Iran's chief nuclear negotiator Ali Larijani was quoted by the official IRNA news agency as saying on a trip to South Africa that Tehran would react "proportionately" to any further pressure and that it wanted more talks.
"Iran is ready to resolve existing differences over its nuclear programme through fruitful and careful negotiations," he said. He urged Security Council members due to meet in London in the coming days not to continue their "hostile behaviour".
U.N. sanctions were slapped on Iran in December, barring the transfer of technology and know-how to the country's nuclear and missile programme. That resolution said further measures could follow if Iran refused to halt enrichment by February 21.

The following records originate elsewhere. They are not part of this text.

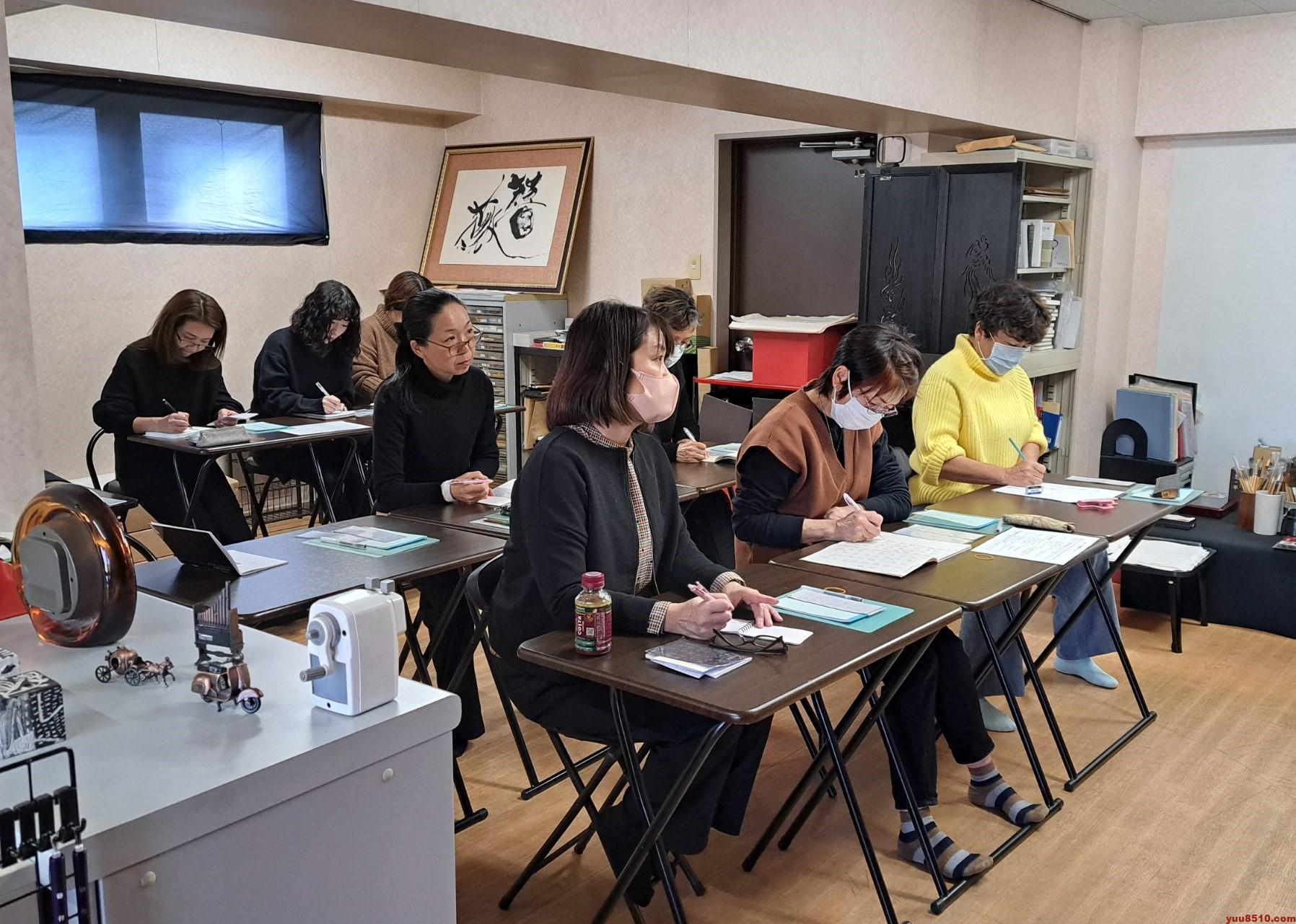 参加した塾生たちは、筆舞パフォーマンスの基礎を学びました。
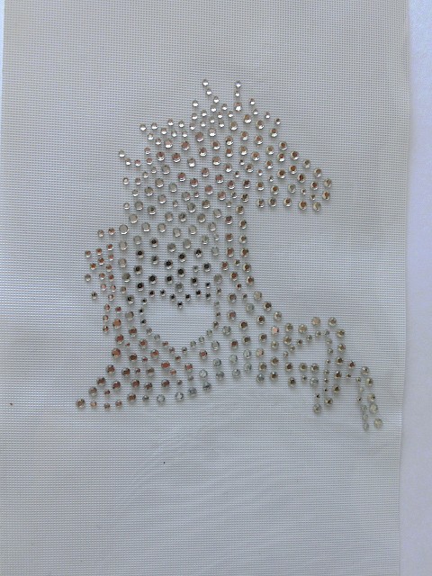 6. Ziehe Sie die Transferfolie vorsichtig ab, sollten Steinchen noch nicht verklebt sein, bitte Bügelvorgang wiederholen!
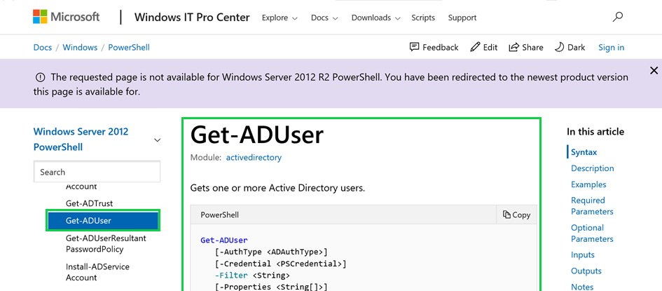 Get-Help Get-AD yazdığımızda “Tab” tuşuna basarsak, bizim karşımıza Active Directory ile ilgili bir çok komut çıkacaktır. Biz bu komutların ne işe yaradığını ve nasıl kullanmamız gerektiğini öğrenmek için yazdığımız komutun sonuna “-online” ifadesini ekleyerek, otomatik olarak açılacak olan web browser üzerinden Microsoft’un ilgili sayfalarına ulaşabiliriz. Örneklerle beraber bilgi alıp, bunları kendi ortamımızda uygulayabiliriz. Ayrıca Microsoft dışındaki birçok Bilgi Teknolojileri kaynaklı sitelerde de Türkçe daha ayrıntılı ve açıklamalı örneklerde bulunmaktadır.

Cheney said during a visit to Australia that it would be a "serious mistake" to allow Iran to become a nuclear power. An Australian newspaper said Cheney also endorsed comments by U.S. Republican Senator John McCain that the only thing worse than a military confrontation with Iran would be a nuclear-armed Iran.
The New Yorker magazine said a Pentagon panel has been created to plan a bombing attack that could be implemented within 24 hours of getting the go-ahead from President George W. Bush.
The special planning group was established within the office of the Joint Chiefs of Staff in recent months, according to an unidentified former U.S. intelligence official cited in the article by investigative reporter Seymour Hersh.
In response to the report, Pentagon spokesman Bryan Whitman said: "The United States is not planning to go to war with Iran. To suggest anything to the contrary is simply wrong, misleading and mischievous."
To step up pressure on Tehran, Washington has imposed sanctions on two big Iranian banks and three firms, and has sent a second aircraft carrier in the Gulf.